What you have to do> The expected output is a verbatim reprint of the lines from the beginning of the data that follows through the line that contains "意味不明あだ名 | 『住所不定無職いりに(4歳)』 |".

---------- Data records

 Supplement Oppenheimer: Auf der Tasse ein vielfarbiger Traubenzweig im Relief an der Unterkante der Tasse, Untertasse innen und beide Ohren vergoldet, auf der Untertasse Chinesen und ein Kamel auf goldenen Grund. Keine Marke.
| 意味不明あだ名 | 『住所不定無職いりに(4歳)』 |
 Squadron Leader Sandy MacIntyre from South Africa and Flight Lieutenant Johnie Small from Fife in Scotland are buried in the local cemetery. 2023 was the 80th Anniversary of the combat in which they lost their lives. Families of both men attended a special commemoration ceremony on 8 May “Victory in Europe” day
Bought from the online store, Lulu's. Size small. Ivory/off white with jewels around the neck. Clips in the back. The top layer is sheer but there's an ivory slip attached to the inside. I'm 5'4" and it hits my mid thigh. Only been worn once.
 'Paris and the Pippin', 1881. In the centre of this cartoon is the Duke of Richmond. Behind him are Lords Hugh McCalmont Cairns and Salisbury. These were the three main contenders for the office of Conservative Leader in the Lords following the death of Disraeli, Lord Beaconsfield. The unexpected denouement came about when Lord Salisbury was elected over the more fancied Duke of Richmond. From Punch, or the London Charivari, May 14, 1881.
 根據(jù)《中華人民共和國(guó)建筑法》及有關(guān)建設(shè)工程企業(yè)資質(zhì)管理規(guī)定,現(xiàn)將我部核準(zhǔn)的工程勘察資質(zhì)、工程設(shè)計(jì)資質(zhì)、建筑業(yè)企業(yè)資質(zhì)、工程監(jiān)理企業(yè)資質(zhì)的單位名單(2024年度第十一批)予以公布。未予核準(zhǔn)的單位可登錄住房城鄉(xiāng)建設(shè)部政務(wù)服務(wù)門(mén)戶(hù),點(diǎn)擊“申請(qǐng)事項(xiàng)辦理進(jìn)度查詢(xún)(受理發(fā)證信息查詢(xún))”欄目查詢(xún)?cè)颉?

--------------------

Task output>
 Supplement Oppenheimer: Auf der Tasse ein vielfarbiger Traubenzweig im Relief an der Unterkante der Tasse, Untertasse innen und beide Ohren vergoldet, auf der Untertasse Chinesen und ein Kamel auf goldenen Grund. Keine Marke.
| 意味不明あだ名 | 『住所不定無職いりに(4歳)』 |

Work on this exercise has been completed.